Gepubliceerd op: 23-10-2019

Luchtaanval Irak. Een schone oorlog is een illusie. Toen de Tweede Kamer eind 2014 instemde met het sturen van zes F-16-gevechts-vliegtuigen om boven Irak vechters en opslagplaatsen van de oprukkende beweging Islamitische Staat te bestrijden, was het besef volop aanwezig dat mede door Nederlands toedoen burger-slachtoffers zouden kunnen vallen.

Vandaar dat in de aanloop naar de parlementaire goedkeuring volop werd gesproken over „precisie-inzet” en „precisiebombardementen”. Een nauwkeurig „targetingproces” moest de vliegtuigen van de door de Amerikanen geleide „anti-ISIS-coalitie” in de woorden van de commandant der strijdkrachten, generaal Tom Middendorp, „in staat stellen om heel gericht en precies de doelen uit te schakelen, zonder nevenschade”.
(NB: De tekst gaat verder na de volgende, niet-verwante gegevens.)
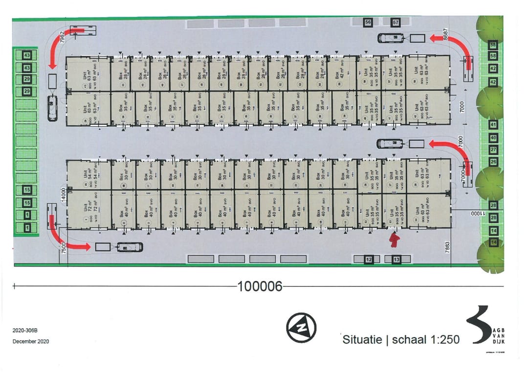 De aangeboden bedrijfsunit is begin 2022 opgeleverd met elektrische overheaddeur en beschikt over 1 eigen parkeerplaats.
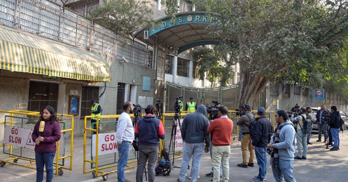 IMAGE: Mediapersons seen outside DPS School RK Puram after it received bomb threat call via email, in New Delhi. Photograph: ANI Photo
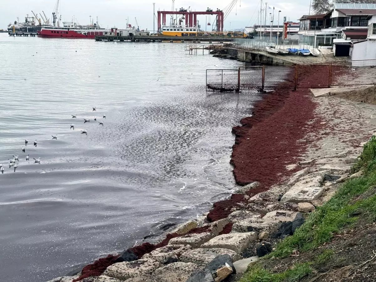 Tekirdağ'da etkili olan poyraz, deniz yüzeyindeki yosunları kıyıya sürükleyerek sahil hattının kırmızı renge bürünmesine neden oldu. Vatandaşlar, sahildeki bu ilginç manzara karşısında şaşkınlık yaşadı.
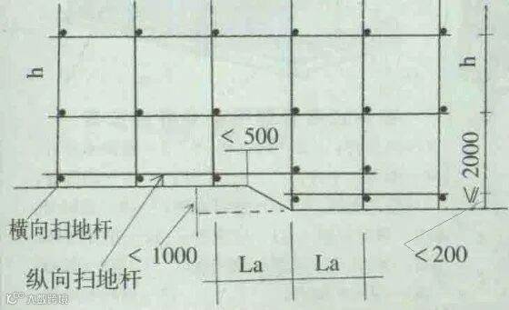 纵横向扫地杆:纵向扫地杆采用直角扣件固定在距底座下皮20cm处的立柱上,横向扫地杆则用直角扣件固定在紧靠纵向扫地杆下方的立柱上,通道出入口位置,有存在绊倒的危险时可不用安装扫地杆。
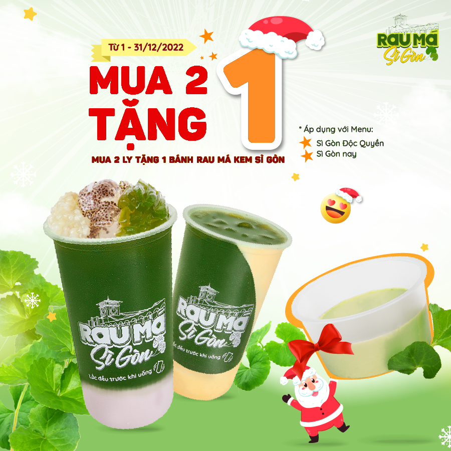 Càng vui hơn khi Rau Má Sì Gòn tung 𝗱𝗲𝗮𝗹 𝘀𝗮̂𝘂 đ𝗮̣̂𝗺 #MUA_2_TẶNG_1, tặng ngay 1 chiếc 𝐛𝐚́𝐧𝐡 𝐫𝐚𝐮 𝐦𝐚́ 𝐤𝐞𝐦 𝐒𝐢̀ 𝐆𝐨̀𝐧 thơm ngon núng nính khi mua 2 ly rau má bất kỳ!
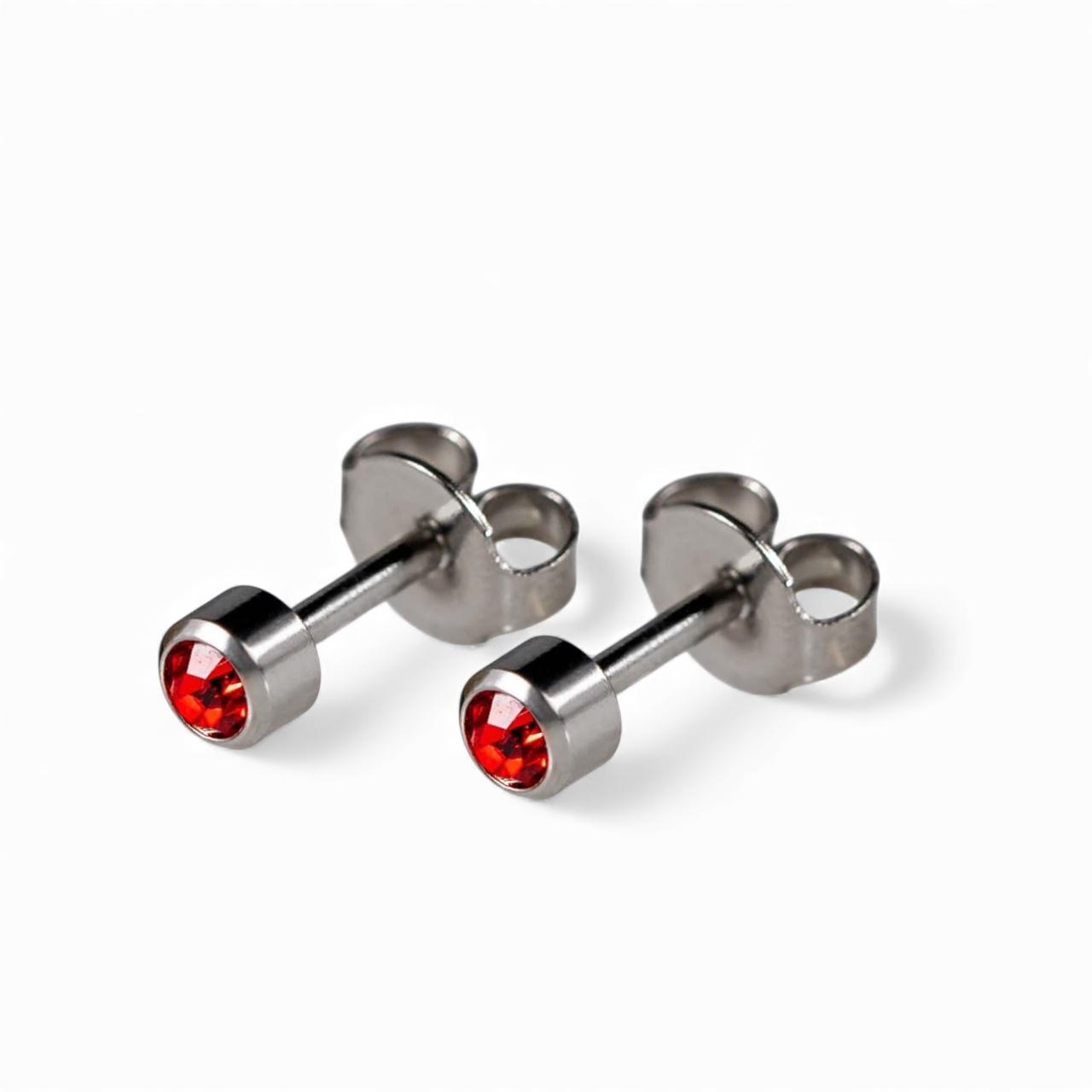 Realizati din otel inoxidabil acoperit cu strat argintiu si decorati cu piatra rubin, acesti cercei sunt hipoalergenici si nu contin nichel – ideali pentru persoanele cu piele sensibila sau alergii.
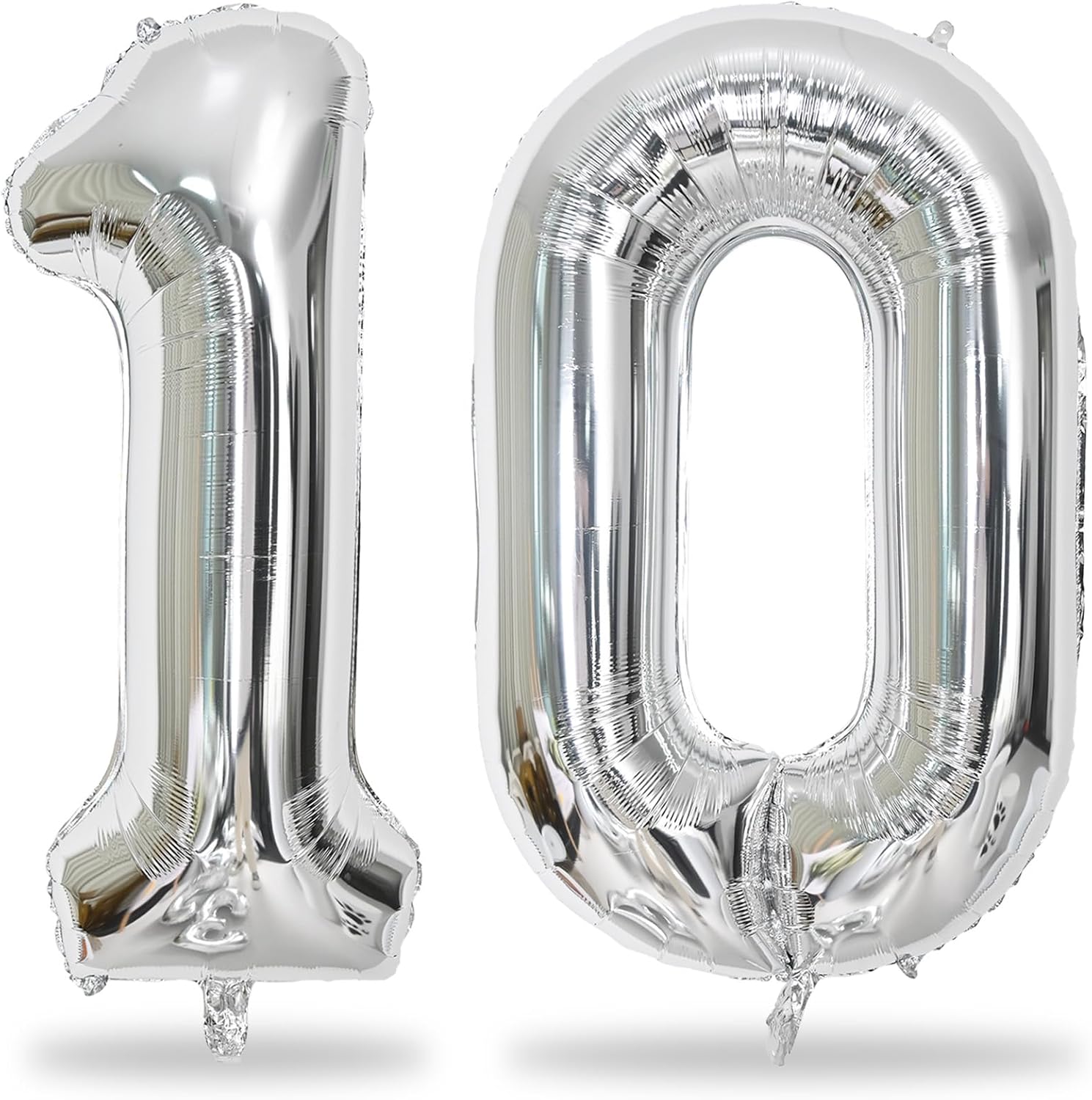 • ๐Ÿ’“ Silver Number 10 Balloon: Our package included 40 inch number 1 & 0 balloon and 1pcs straw. Simply inflate the balloon using the straw, and you're ready to party! Silver number foil balloons are the best for girls or boys birthday party decoration.

Met deze gedragslijn is in de nacht van 2 op 3 juni 2015 iets gruwelijk misgegaan. Zoals uit een uitvoerige reconstructie van NRC en NOS blijkt, zijn toen bij een bombardement van een IS-wapenopslagplaats door een Nederlandse F-16 in de Iraakse plaats Hawija zeventig burgers gedood en meer dan 100 gewonden gevallen.

De aanval op de bommenfabriek van IS leidde tot een kettingreactie van tot ontlading komende munitie waardoor een omliggende wijk met de grond gelijk werd gemaakt. Met andere woorden: in strijd met de procedures was er dus juist heel veel nevenschade.

Dat de aanval had plaatsgevonden en zo veel doden en gewonden veroorzaakte was daags erna bekend. Maar wat niet bekendgemaakt werd, was dat hier een Nederlandse F-16 bij betrokken was. Sterker nog, enkele weken later verklaarde toenmalig minister van Defensie Jeanine Hennis (VVD) in de Tweede Kamer tijdens een debat over de Nederlandse militaire inzet boven Irak dat er nog geen sprake was geweest van burgerslachtoffers. Een opmerking die Hennis nadat zij hierop was aangesproken nog tijdens de vergadering nuanceerde door te zeggen dat dit inderdaad niet met zo veel stelligheid kon worden vastgesteld.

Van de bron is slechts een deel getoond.